I was attempting to perform parallel encryption and encoding using goroutines. Apparently encoding and/or encryption is not really thread safe. Is there any information about thread safety in general for other operations? For low count of threads and rows,cols there is no race condition popping up, but with larger arrays like in this example this is a problem. Here is the stacktrace:

goroutine 15061 [running]:
golang.org/x/crypto/blake2b.(*digest).finalize(0x140003da500?, 0x140003da6b8?)

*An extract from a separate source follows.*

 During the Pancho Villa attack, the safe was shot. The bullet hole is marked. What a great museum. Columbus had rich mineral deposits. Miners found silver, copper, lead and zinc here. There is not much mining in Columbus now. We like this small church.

        /Users/username/go/pkg/mod/golang.org/x/crypto@v0.16.0/blake2b/blake2b.go:254 +0x190
golang.org/x/crypto/blake2b.(*xof).Read(0x140003da500, {0x14000156000, 0x14047282a78?, 0x2000})

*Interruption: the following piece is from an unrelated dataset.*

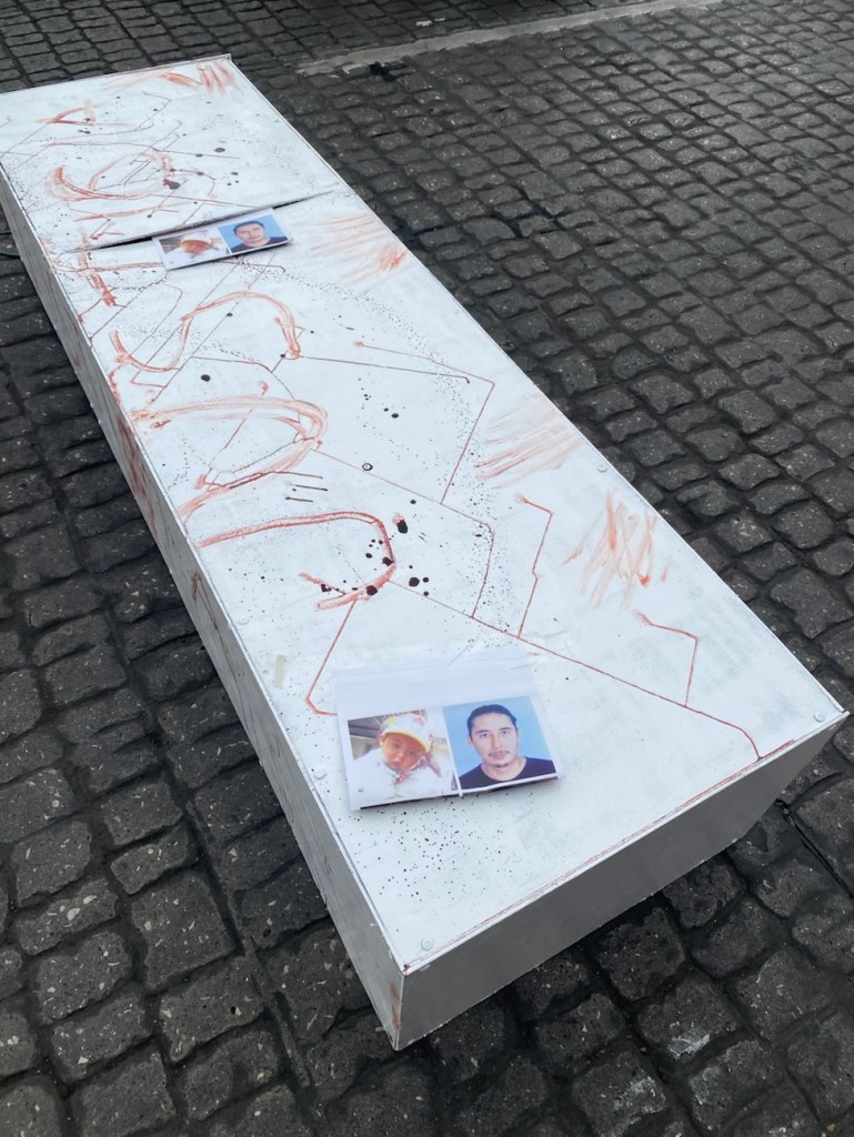 Con un performance de un féretro ensangrentado y con las fotos de Dorian y su hijo (bebé al momento de su muerte), cerraron la calle Enríquez y exigieron justicia tras la marcha.

        /Users/username/go/pkg/mod/golang.org/x/crypto@v0.16.0/blake2b/blake2x.go:148 +0x270
github.com/tuneinsight/lattigo/v5/utils/sampling.(*KeyedPRNG).Read(0x1400011c810?, {0x14000156000?, 0x14074c73590?, 0x2?})
        /Users/username/go/pkg/mod/github.com/tuneinsight/lattigo/v5@v5.0.2/utils/sampling/prng.go:59 +0x2c
github.com/tuneinsight/lattigo/v5/ring.(*UniformSampler).read(0x14005aa24c0, {{0x14028aaaa20?, 0x140001241b0?, 0x1?}}, 0x10435c400)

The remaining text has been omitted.